Record extracts:
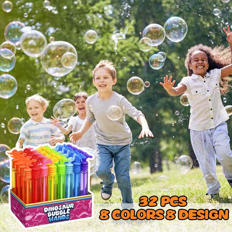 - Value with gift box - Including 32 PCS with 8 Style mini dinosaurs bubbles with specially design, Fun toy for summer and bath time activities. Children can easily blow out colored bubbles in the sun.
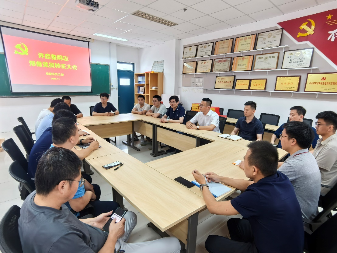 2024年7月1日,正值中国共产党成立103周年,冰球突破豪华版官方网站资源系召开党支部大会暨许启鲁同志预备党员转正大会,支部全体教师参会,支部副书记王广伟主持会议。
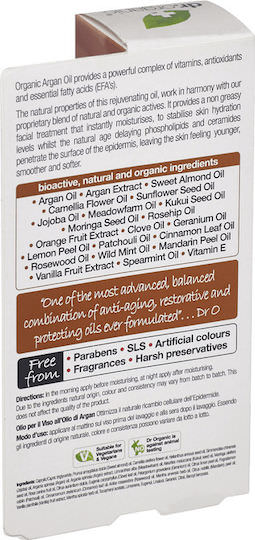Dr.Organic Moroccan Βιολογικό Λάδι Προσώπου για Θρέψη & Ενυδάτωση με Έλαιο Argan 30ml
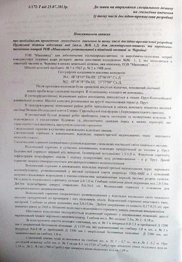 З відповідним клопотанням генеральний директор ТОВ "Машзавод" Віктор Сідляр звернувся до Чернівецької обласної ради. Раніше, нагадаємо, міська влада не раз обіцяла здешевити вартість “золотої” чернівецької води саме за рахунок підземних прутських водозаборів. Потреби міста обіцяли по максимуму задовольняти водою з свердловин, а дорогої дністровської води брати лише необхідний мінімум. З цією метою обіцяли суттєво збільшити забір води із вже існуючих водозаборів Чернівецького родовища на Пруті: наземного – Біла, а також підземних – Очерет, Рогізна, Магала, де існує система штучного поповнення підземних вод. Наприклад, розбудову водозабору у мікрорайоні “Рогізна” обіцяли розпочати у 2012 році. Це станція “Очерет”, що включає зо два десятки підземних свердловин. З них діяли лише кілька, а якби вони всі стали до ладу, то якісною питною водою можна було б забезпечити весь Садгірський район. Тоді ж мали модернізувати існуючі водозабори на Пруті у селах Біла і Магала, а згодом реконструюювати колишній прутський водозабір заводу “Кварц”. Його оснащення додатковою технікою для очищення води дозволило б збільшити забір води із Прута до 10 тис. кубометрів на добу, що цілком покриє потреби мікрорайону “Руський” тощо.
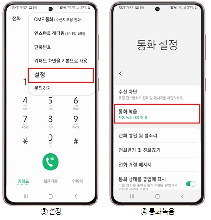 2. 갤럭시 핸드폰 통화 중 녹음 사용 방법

* * *

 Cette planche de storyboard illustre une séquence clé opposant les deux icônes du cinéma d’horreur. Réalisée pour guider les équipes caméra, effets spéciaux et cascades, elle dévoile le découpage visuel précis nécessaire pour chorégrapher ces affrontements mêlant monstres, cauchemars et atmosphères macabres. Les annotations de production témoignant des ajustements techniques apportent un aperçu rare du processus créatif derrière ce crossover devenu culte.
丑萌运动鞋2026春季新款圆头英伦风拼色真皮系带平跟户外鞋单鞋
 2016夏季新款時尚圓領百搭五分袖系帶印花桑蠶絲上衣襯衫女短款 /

==

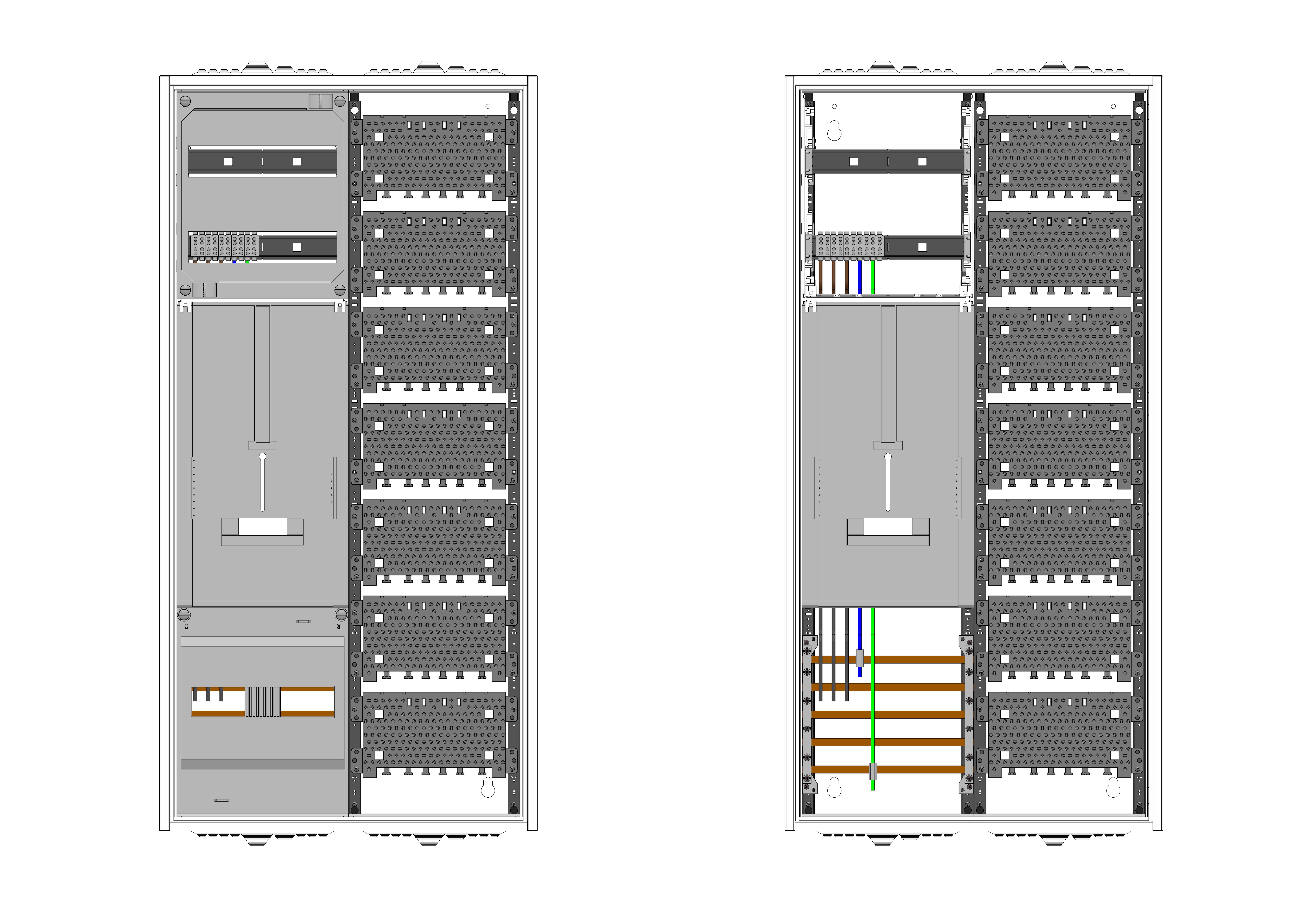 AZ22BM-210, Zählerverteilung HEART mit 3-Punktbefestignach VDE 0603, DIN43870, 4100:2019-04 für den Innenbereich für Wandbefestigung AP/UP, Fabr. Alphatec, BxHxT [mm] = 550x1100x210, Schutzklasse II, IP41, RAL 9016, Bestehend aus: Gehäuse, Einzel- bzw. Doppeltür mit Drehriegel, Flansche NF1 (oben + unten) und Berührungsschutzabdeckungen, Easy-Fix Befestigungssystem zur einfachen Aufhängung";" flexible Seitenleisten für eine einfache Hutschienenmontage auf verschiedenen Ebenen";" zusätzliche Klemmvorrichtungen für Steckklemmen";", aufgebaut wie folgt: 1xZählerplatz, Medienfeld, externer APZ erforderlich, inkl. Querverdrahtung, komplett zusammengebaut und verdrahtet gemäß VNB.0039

Work order:
Transcribe, exactly and without pictures, everything in the data from the line with "- Value with" down to the line with "Dr.Organic Moroccan Βιολογικό", both included.

Response area:
 - Value with gift box - Including 32 PCS with 8 Style mini dinosaurs bubbles with specially design, Fun toy for summer and bath time activities. Children can easily blow out colored bubbles in the sun.
 2024年7月1日,正值中国共产党成立103周年,冰球突破豪华版官方网站资源系召开党支部大会暨许启鲁同志预备党员转正大会,支部全体教师参会,支部副书记王广伟主持会议。
Dr.Organic Moroccan Βιολογικό Λάδι Προσώπου για Θρέψη & Ενυδάτωση με Έλαιο Argan 30ml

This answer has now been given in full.